#### WORK TO BE COMPLETED
Using the entries that follow, transcribe only the lines from the line with "famecoco范可儿单肩背" to the line with "Of particular note", both included, exactly as they stand and without pictures.

#### GIVEN ENTRIES
---+---

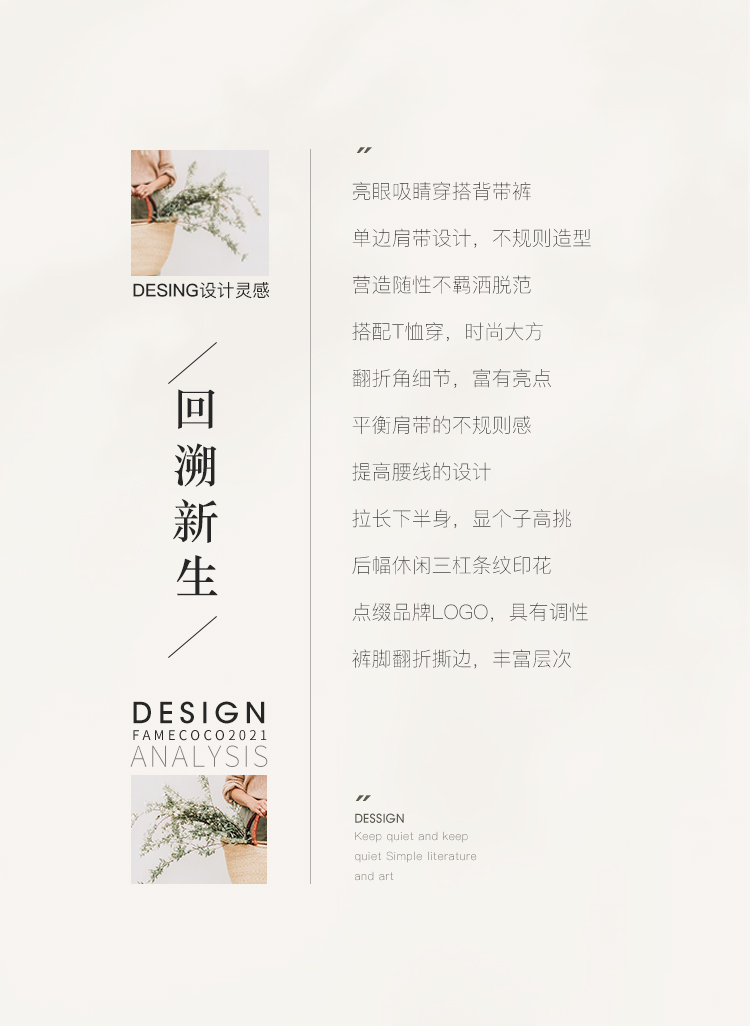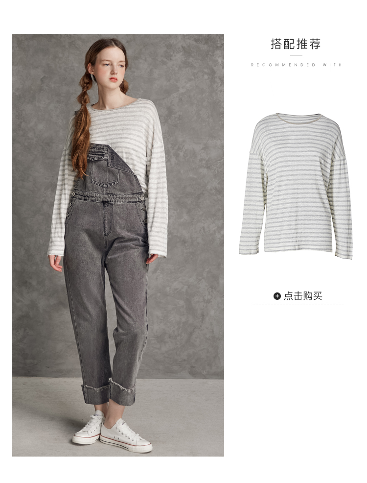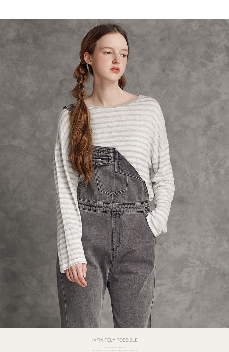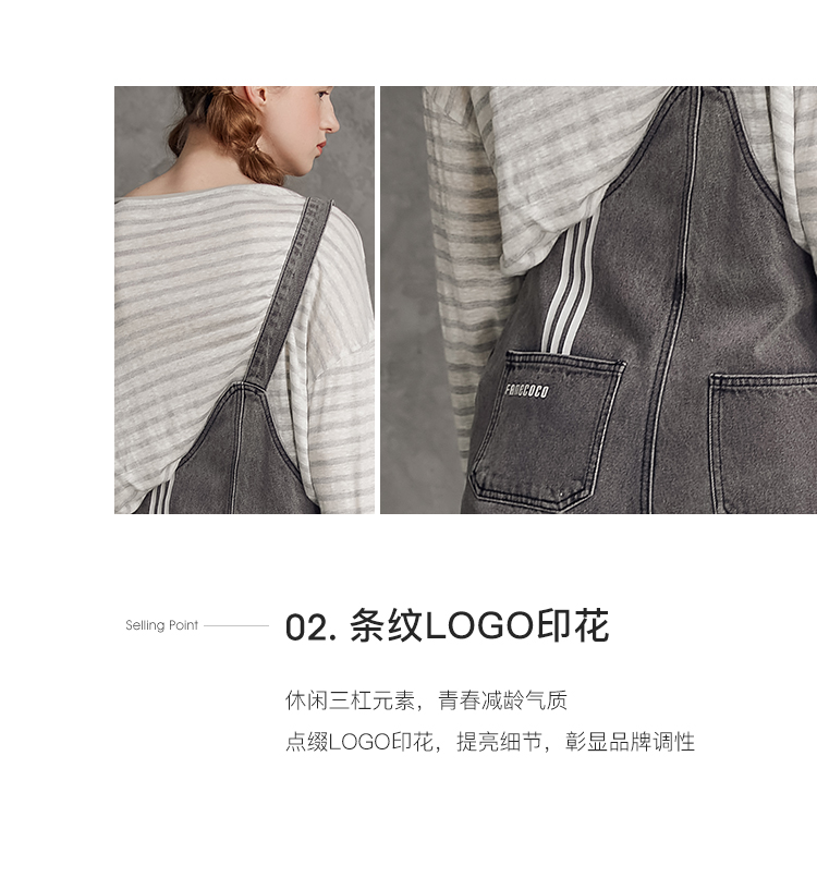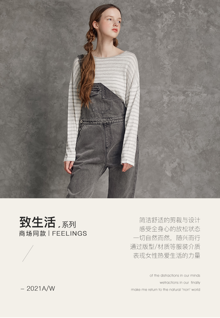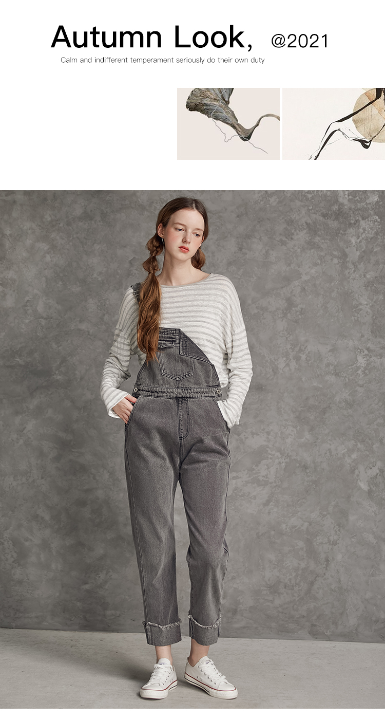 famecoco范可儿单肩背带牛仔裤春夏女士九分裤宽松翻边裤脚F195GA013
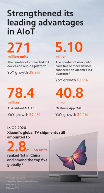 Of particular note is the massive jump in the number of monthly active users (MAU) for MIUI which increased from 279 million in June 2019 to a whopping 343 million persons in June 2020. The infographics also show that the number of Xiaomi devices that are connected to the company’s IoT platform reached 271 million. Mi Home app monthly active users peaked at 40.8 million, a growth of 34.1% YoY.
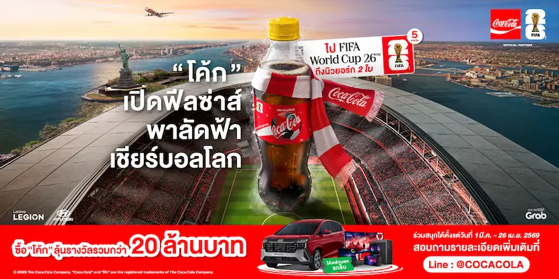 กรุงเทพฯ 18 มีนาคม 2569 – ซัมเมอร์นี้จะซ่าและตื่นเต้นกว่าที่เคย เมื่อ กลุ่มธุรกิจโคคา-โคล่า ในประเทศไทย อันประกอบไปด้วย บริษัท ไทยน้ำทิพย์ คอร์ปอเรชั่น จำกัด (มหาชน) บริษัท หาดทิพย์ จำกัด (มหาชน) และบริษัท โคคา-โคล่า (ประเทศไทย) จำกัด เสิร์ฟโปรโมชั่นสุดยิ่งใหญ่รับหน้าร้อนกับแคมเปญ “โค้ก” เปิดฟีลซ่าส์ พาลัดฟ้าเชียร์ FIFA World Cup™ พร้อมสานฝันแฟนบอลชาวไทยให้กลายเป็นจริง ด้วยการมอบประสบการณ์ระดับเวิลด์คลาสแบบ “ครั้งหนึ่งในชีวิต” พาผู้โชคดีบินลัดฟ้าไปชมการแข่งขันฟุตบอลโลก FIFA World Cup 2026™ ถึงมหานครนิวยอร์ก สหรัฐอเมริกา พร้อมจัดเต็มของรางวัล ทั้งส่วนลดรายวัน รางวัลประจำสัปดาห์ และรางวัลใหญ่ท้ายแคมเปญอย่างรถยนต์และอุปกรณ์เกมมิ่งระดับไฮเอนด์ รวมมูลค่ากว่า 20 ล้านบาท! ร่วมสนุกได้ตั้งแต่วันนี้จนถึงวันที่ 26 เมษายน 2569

---+---

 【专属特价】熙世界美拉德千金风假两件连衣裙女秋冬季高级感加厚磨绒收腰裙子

---+---

#### TASK SOLUTION
 famecoco范可儿单肩背带牛仔裤春夏女士九分裤宽松翻边裤脚F195GA013
 Of particular note is the massive jump in the number of monthly active users (MAU) for MIUI which increased from 279 million in June 2019 to a whopping 343 million persons in June 2020. The infographics also show that the number of Xiaomi devices that are connected to the company’s IoT platform reached 271 million. Mi Home app monthly active users peaked at 40.8 million, a growth of 34.1% YoY.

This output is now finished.